SCHERTZ — An oral-history documentary covering the city’s founding and beyond is a love letter to a close-knit town on the rise, said a developer who helped bankroll the film.
Schertz has plenty going for it, despite existing in the shadow of larger municipalities such as San Antonio and Austin, said entrepreneur Chris Price.
“When we were trying to reimagine the project, we started studying the history of Schertz and realized that it had a rich history,” said Price who, with his partners, is developing The Crossvine, a 500-acre mixed-use, master-planned development on the Interstate 35 corridor.
“(The city has) a rich history that most people are not aware of and we felt it was important that that history be preserved and publicized,” the businessman added.
On March 6, an audience of about 100 gathered at the Schertz Public Library for the premiere of “Schertz Now and Then: An Oral History.” A panel discussion followed.
The 25-minute homage covers the town’s past from the perspective of prominent community members, city officials and longtime residents.
“The rural and farming roots of the city have helped create the identity of Schertz and you have that rugged sense of individuality, but also the willingness to work cooperatively,” said oral-history interviewee Michael Dahle, the city’s Planning and Zoning Commission chairman.
Schertz was founded in the 1800s, when waves of German immigrants came to Texas to start a new life. Cotton farming was a significant part of the economy in the 19th century, and many neighbors worked closely together growing the crop.
“I have built miles of fences and I have dug post holes by hand, and my ancestors did the same thing. To me that is such an emotional and spiritual tie to the heritage that this land represents,” said local dentist Mark Penshorn, interviewed for the film.
In spite of construction along bustling I-35, the proliferation of new subdivisions, major investment by businesses including Amazon, H-E-B and San Marcos-based EVO Entertainment, the burg of about 40,000 inhabitants aims to preserve its small-town feel, city officials said.
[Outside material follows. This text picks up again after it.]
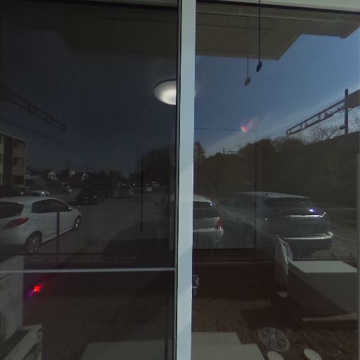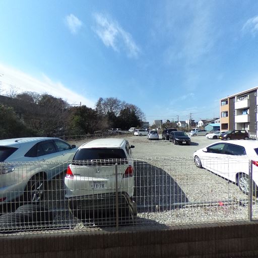 眺望・前面環境(確度82%):敷地前は駐車場で開けており、建物の圧迫感が少ない。車の出入りがある環境。

According to the documentary, residents enjoy a “friendly, hardworking and culturally diverse atmosphere.”
Children continue to benefit from the community’s relaxed atmosphere and the Schertz-Cibolo-Universal City Independent School District, ranked as one of the best in Texas, the film stated.
The project also sheds light on more recent events in Schertz, such as the opening of nearby Randolph airfield in the 1930s by the Army Air Corps.
Later known as Randolph Air Force Base, the installation — with a mission of educating pilots who train other pilots — lent its very name to a grouping of several metropolitan cities, while driving economic growth and expanding the job market, the filmmakers said.
According to Price, the documentary’s executive producer, Randolph is “the largest employer in the area … and a magnet for retired military.”
In the documentary, former City Manager John Kessel said military members, both active duty and retired, have made Schertz their home and left their stamp on the area.
“More importantly, there’s an identity that has been created between the people who go there early on in their Air Force career and our community,” Kessel said. “Very often they would want to return to Schertz because of their time they spent at Randolph Air Force Base.”